Klopman said Frankl illegally revised the member list, established during the September 2016 primary election, moving some members to districts in which they were not elected and terminating other members. Members cannot be removed from a district without resigning or failing to get enough signatures in the following election, according to the suit. Committee member votes are weighted by district.

“Aside from resignation, there is no process established in the regulations for removing a member from the committee of their EDs,” states the suit filed in state Supreme Court on April 16.

Committee member and attorney Chris Kelley cited, among grounds to dismiss the suit, that no party members were removed illegally.

“It’s all false,” said Kelley, a partner in the Riverhead-based law firm Twomey, Latham, Shea, Kelley, Dubin & Quartararo. “They assumed that somehow we appointed people when there were no vacancies and it’s simply not true.”

Kelley said Klopman is probably motivated by discontent over the likely nomination of David Lys, a former Republican who recently switched his registration to Democratic.

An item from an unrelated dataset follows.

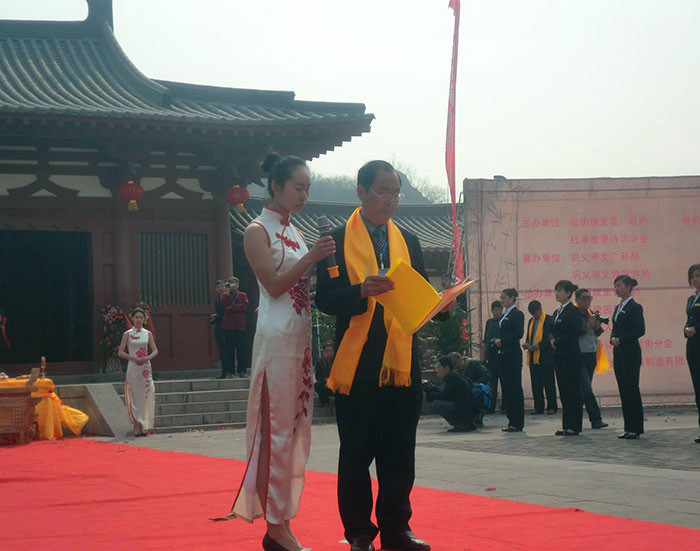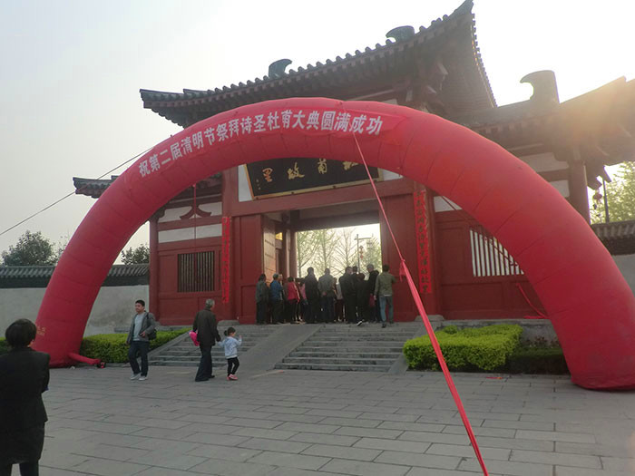 由鞏義市杜甫詩詞學會發起,杜甫故里和杜甫陵園協辦?;顒又卦诰拺咽ベt、弘揚文化,活動有祭祀上香、宣讀祭文、吟唱頌歌、樂舞敬拜、陵園掃墓等議程組成,屆時將會由來自省、市的各界領導,及各類杜甫研究機構、杜氏宗親及我市的大中小學生等數千名人員參加祭拜詩圣活動。由我河南省杜甫機械有限公司主辦并贊助的大型拜祭大典大概在十一點圓滿結束,此意義重大而深遠。

Lys will seek election to the town board seat he was appointed to earlier this year.

Klopman, a retired reading teacher and chairwoman of the Democrats’ community outreach committee, admittedly expressed concerns over the committee’s screening process and whether other candidates are considered.

“There are five people who want to screen and why shouldn’t we have a democratic process?” Klopman said. “They have painted me as a troublemaker because I’m trying to do the right thing.”

A hearing on the matter is set for May 23.